To ensure accurate processing, each point on your object should be visible in at least two photos. Generally, you’ll need around 20 to 250 photos to capture an object well. For a basic 3D model, a minimum of 20 to 30 well-overlapping images is recommended, providing a decent level of accuracy and detail. However, the required number of images can vary based on factors like subject complexity, desired detail level, and the software or algorithm used.

While it’s possible to create a basic 3D model with fewer than 20 images, having more images usually leads to better outcomes. Additional images offer more data points and better coverage, enhancing accuracy and robustness. Taking images from different angles and viewpoints further improves the overall quality and completeness of the 3D model.

Image (1) shows a better 3D model compared to image (2) due to higher number of overlapping images. Image (1) has less distortion and provides greater details of the model compared to image (2).

Orthographic image and oblique image: requirement for 3D Modeling

The number of images needed for 3D modeling depends on whether you’re using orthographic (top-down) or oblique (captured at an angle) imagery. Oblique images generally provide more information and coverage, enabling more accurate and detailed 3D reconstructions.

Flight plans for orthographic images (1), oblique images (2), and an optional set of oblique images at a higher altitude (3) (Skycatch)
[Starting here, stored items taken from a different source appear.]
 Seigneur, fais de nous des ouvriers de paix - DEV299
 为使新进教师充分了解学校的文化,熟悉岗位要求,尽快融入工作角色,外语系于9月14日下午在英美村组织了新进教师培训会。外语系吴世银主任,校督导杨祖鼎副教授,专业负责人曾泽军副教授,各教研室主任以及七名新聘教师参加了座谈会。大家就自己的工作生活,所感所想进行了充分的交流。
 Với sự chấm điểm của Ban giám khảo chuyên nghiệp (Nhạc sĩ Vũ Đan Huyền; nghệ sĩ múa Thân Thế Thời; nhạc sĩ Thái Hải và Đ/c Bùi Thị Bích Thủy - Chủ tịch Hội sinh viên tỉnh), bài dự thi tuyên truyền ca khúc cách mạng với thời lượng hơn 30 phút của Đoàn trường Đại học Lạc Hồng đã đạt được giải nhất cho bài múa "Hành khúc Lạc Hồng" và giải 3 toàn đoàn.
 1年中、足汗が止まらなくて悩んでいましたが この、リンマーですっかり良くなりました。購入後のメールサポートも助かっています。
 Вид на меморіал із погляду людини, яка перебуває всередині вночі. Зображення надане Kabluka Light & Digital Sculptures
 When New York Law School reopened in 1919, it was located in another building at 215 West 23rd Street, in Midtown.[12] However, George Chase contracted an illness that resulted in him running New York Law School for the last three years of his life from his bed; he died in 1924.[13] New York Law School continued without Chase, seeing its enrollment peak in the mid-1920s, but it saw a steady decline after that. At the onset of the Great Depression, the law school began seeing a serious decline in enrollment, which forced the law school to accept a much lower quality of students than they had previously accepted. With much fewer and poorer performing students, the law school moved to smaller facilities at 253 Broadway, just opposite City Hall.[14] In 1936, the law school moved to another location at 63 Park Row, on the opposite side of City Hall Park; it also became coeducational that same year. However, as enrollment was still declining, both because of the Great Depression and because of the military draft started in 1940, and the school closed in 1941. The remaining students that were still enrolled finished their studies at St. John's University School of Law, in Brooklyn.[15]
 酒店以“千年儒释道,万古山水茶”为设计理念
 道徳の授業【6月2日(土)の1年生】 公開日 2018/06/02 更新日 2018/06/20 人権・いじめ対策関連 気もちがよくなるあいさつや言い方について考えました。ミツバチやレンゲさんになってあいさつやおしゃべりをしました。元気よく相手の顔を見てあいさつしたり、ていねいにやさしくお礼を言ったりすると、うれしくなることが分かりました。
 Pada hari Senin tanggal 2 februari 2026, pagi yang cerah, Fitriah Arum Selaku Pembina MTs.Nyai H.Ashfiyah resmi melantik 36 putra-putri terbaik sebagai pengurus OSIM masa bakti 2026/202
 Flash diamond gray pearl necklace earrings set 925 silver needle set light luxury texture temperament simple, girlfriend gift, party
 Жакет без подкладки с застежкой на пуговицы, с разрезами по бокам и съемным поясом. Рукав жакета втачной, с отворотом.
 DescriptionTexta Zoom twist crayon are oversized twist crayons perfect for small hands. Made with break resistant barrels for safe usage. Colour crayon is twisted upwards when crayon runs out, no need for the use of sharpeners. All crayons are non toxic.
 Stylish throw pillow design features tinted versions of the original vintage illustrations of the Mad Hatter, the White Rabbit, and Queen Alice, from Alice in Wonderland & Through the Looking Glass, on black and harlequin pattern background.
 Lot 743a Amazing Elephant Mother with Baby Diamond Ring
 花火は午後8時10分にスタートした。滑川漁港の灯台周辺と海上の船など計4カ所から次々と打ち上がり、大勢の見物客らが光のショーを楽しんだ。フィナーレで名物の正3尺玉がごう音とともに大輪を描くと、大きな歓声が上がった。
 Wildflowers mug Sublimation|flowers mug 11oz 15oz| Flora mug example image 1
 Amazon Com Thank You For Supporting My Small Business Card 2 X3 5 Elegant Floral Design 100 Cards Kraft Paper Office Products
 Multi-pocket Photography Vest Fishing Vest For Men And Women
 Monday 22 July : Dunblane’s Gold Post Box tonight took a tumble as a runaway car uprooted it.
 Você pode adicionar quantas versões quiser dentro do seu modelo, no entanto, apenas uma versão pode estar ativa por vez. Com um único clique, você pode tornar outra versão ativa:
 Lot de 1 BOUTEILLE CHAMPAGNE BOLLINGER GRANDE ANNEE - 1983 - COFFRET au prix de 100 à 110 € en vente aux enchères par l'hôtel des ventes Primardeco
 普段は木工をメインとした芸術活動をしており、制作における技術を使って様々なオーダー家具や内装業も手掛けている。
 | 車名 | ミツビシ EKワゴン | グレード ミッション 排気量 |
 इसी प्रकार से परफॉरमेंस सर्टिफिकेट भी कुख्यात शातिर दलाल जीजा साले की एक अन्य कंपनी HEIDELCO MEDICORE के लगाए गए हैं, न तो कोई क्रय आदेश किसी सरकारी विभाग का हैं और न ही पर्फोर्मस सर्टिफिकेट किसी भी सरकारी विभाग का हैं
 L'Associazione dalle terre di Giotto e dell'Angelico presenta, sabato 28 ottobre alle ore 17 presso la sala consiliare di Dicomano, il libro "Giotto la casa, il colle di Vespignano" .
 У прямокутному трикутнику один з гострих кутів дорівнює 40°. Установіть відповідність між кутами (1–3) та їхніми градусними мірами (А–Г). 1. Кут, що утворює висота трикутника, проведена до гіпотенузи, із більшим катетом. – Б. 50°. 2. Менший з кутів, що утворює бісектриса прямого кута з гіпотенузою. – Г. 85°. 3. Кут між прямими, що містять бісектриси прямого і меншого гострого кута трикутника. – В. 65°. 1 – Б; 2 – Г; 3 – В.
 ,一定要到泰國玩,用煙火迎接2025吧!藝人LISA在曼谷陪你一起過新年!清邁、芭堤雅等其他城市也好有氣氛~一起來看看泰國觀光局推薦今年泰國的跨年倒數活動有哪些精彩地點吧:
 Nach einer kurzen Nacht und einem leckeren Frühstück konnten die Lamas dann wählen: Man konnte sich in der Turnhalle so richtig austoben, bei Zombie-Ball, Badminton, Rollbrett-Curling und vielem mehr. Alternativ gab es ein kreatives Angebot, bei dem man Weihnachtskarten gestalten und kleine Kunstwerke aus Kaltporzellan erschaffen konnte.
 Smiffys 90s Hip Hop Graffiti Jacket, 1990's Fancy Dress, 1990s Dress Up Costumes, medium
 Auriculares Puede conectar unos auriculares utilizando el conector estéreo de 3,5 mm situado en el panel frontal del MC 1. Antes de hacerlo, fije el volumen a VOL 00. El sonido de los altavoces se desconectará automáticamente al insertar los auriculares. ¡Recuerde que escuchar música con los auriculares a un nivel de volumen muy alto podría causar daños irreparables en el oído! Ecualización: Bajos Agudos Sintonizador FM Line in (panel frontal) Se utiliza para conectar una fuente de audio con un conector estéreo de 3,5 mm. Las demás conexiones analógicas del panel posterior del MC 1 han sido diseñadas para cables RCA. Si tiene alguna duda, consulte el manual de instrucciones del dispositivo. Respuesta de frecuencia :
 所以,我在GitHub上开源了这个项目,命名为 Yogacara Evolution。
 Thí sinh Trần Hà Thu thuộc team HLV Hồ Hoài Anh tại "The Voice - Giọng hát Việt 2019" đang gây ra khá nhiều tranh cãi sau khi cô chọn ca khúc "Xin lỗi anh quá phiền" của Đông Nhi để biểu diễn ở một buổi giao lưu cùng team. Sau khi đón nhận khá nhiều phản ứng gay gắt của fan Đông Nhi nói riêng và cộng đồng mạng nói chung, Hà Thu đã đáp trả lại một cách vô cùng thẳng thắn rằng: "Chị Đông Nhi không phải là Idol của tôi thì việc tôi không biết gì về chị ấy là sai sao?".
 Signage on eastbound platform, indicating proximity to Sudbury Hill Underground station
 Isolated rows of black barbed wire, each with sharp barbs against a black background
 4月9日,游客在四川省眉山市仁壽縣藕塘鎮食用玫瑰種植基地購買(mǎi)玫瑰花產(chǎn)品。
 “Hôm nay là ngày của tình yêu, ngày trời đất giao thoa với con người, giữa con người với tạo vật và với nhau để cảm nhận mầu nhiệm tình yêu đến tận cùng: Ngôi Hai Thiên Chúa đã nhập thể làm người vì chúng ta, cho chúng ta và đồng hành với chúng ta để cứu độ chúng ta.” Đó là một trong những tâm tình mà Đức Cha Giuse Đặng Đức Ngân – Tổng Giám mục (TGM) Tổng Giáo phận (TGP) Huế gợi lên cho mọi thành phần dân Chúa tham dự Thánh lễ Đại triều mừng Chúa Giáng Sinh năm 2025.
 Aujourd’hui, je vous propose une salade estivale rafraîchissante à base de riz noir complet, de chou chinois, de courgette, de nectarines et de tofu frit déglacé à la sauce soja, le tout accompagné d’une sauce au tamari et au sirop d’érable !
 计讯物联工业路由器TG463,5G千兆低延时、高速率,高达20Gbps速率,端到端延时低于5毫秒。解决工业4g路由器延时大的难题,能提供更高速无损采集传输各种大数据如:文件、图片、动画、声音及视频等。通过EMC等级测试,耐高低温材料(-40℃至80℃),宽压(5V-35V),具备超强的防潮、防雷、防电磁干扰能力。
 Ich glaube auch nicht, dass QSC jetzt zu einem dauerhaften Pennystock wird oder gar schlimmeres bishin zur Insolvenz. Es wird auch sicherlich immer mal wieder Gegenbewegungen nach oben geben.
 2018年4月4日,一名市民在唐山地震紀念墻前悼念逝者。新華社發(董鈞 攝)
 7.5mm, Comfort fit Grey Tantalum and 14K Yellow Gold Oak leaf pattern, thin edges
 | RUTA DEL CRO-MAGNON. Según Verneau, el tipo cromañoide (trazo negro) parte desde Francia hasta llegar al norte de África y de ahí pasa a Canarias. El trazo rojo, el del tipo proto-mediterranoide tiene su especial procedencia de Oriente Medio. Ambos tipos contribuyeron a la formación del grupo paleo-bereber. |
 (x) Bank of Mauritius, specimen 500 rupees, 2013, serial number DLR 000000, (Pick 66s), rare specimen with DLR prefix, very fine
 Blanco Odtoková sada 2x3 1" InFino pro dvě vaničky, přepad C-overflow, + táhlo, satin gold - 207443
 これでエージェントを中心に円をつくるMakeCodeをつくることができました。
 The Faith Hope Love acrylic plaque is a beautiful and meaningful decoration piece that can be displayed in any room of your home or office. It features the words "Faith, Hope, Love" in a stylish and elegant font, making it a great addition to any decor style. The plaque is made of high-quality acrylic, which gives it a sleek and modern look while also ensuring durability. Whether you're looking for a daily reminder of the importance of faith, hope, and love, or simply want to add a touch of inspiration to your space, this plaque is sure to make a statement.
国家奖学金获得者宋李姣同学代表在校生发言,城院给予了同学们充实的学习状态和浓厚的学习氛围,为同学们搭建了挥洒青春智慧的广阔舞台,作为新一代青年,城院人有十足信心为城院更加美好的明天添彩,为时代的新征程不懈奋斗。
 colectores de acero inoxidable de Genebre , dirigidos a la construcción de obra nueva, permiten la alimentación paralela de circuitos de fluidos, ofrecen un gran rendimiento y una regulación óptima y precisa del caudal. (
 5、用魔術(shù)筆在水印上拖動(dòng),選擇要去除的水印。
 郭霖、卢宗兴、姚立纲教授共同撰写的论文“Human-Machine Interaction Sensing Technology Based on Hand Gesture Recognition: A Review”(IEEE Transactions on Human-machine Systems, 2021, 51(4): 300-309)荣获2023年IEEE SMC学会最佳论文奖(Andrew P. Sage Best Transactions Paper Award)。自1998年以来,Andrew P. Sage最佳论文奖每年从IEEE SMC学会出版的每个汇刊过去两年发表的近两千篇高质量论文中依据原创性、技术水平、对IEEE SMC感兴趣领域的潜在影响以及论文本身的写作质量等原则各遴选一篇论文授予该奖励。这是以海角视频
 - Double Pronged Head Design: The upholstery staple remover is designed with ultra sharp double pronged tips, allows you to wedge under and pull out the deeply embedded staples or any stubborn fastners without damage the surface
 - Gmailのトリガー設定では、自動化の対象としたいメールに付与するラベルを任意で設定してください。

Orthographic imagery, captured from a top-down perspective, lacks depth information. To compensate for this, a greater number of well-overlapping images is required, capturing the subject from different angles and viewpoints to reconstruct the missing depth information.

Oblique imagery, captured at an angle, naturally contains more depth information. Consequently, a smaller number of well-overlapping oblique images can be sufficient for creating a 3D model compared to orthographic imagery. However, using a higher number of oblique images still improves accuracy and detail in the final 3D reconstruction.

In summary, a minimum of 20 to 30 well-overlapping images is generally suitable for basic 3D reconstruction with both orthographic and oblique imagery. Oblique images require fewer images due to their richer depth of information. Nevertheless, using more images, regardless of the type, enhances the quality and accuracy of the resulting 3D model.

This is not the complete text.